Present: The Honorable JESUS G. BERNAL, UNITED STATES DISTRICT JUDGE

MAYNOR GALVEZ Not Reported Deputy Clerk Court Reporter

Attorney(s) Present for Plaintiff(s): Attorney(s) Present for Defendant(s): None Present None Present

Proceedings: Order DENYING Plaintiff’s Motion to Remand (Dkt. No. 13) (IN CHAMBERS)

Before the Court is a Motion to Remand filed by Plaintiff Liliana Gonzalez. (“Motion,” Dkt. No. 13.) The Court finds this matter appropriate for resolution without a hearing. See Fed. R. Civ. P. 78; L.R. 7-15. After considering the papers filed in support of and in opposition to the matter, the Court DENIES Plaintiff’s Motion. The hearing on October 25, 2021 is VACATED.

I. BACKGROUND

On August 26, 2020, Plaintiff Liliana Gonzalez filed a complaint in Riverside County Superior Court against Defendants Costco Wholesale Corporation and Does 1-20. (“Complaint,” Dkt. No. 1-1.) Ms. Gonzalez’s Complaint alleges negligence/premise liability. (See id.). On July 8, 2021, Costco removed the action. (“Removal,” Dkt. No. 1.) On August 9, 2021, Ms. Gonzalez filed the Motion. (Motion.) Costco opposed the Motion on August 23, 2021. (“Opposition,” Dkt. No. 14.) Ms. Gonzalez replied on August 30, 2021 (“Reply,” Dkt. No. 16.).

II. LEGAL STANDARD

Federal courts have limited jurisdiction, “possessing only that power authorized by Constitution and statute.” Gunn v. Minton, 568 U.S. 251, 256 (2013). As such, federal courts only have original jurisdiction over civil actions in which a federal question exists or in which there is complete diversity of citizenship between the parties and the amount in controversy exceeds $75,000. See 28 U.S.C. §§ 1331, 1332. “Complete diversity” means that “each defendant must be a citizen of a different state from each plaintiff.” In re Digimarc Corp. Derivative Litigation, 549 F.3d 1223, 1234 (9th Cir. 2008).

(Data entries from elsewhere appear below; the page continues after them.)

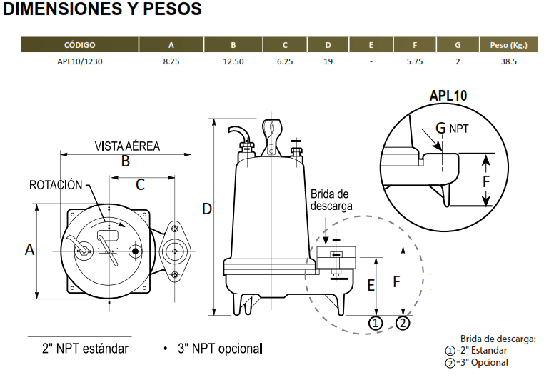 | MODELO | HP | MOTOR | VOLTAJE | DESCARGA HEMBRA NPT (plg) | PASO DE SÓLIDOS (plg) |
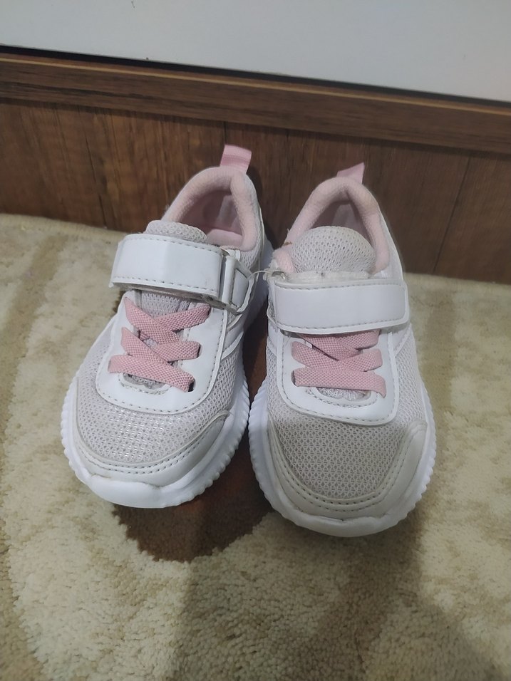 Pastel pembe detaylı beyaz kız çocuk spor ayakkabısı, kolay giyilmesi için cırtlı ve kauçuk tabanlıdır. Günlük sokak stili için uygundur.
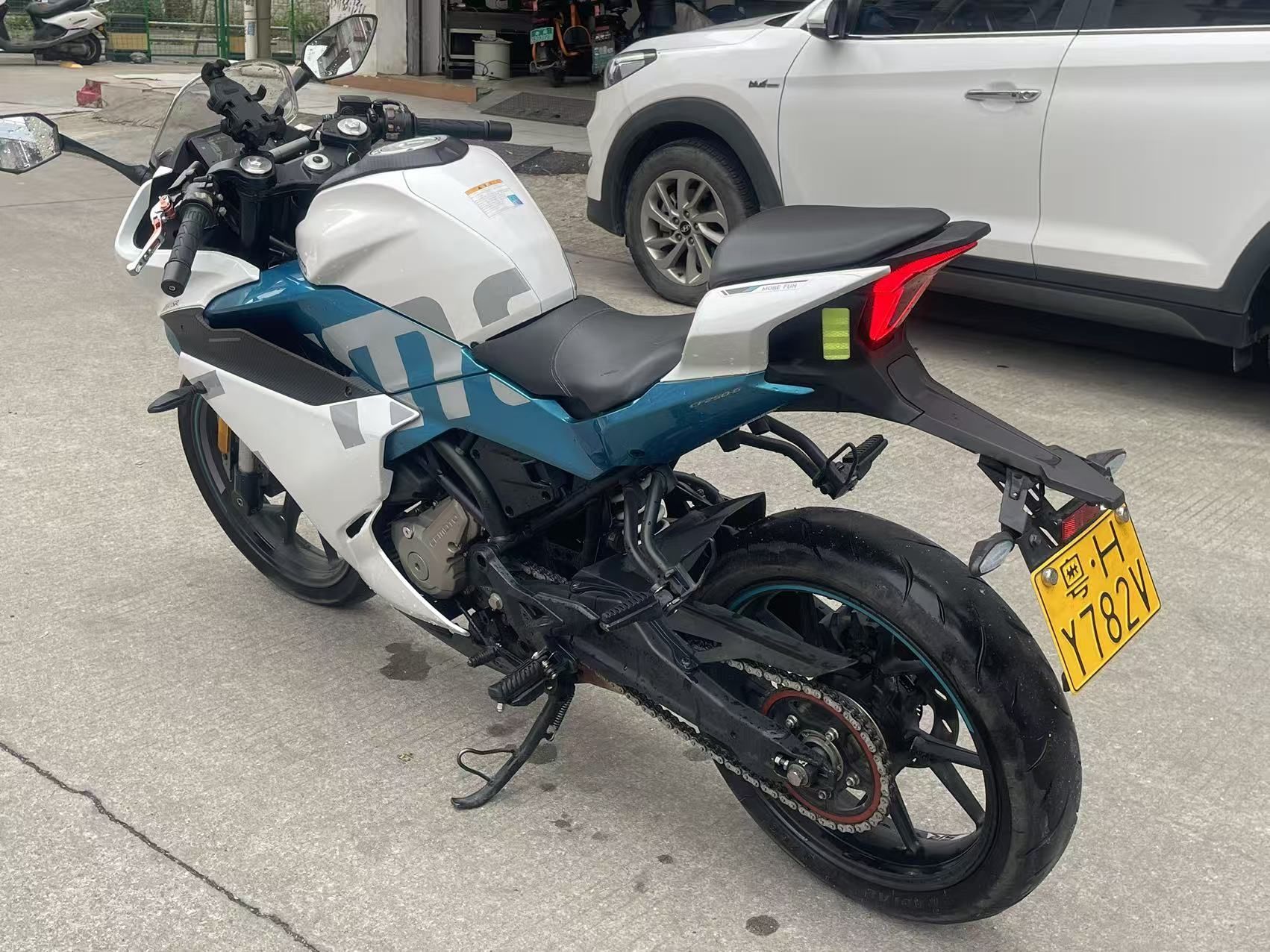 21年春风SR250高配,车况精品,车况成色新,行驶一万一公里,发动机安静有力,无拆修,加装手机支架,改折叠牛角,必须过户,价格6880

To remove a state action to federal court, the defendant must file a notice of removal with both the state court where the case was filed and the federal court to which it will be transferred. 28 U.S.C. § 1441. The notice of removal must be filed within 30 days of the first removable document, and the case must be removed to the federal district court that encompasses the state court where the action was initiated. Id. If the case stated by the initial pleading is not removable, then a notice of removal may be filed within 30 days after the case becomes removable. 28 U.S.C. § 1446(b)(3). This 30–day limit begins to run when the defendant receives “an amended pleading, motion, order or other paper from which it may first be ascertained that the case is one which is or has become removable.” Id.

The party seeking removal has the burden of establishing federal jurisdiction. Emrich v. Touche Ross & Co., 846 F.2d 1190, 1195 (9th Cir. 1988). “Where it is not facially evident from the complaint that more than $75,000 is in controversy, the removing party must prove, by a preponderance of the evidence, that the amount in controversy meets the jurisdictional threshold.” Matheson v. Progressive Specialty Ins. Co., 319 F.3d 1089, 1090 (9th Cir. 2003). Moreover, the Ninth Circuit “strictly construe[s] the removal statute against removal jurisdiction,” and “[f]ederal jurisdiction must be rejected if there is any doubt as to the right of removal in the first instance.” Gaus v. Miles, Inc., 980 F.2d 564, 566 (9th Cir. 1992); see also Jackson v. Specialized Loan Servicing, LLC, 2014 WL 5514142, at *6 (C.D. Cal. Oct. 31, 2014). Indeed, doubts as to removability must be resolved in favor of remanding the case to state court. Id., at *6.

III. DISCUSSION

A. Local Rule 7-3

Costco contends that the Court should deny the Motion based on Ms. Gonzalez’s alleged failure to comply with this Court’s Local Rule 7-3. (Opposition at 8-9.)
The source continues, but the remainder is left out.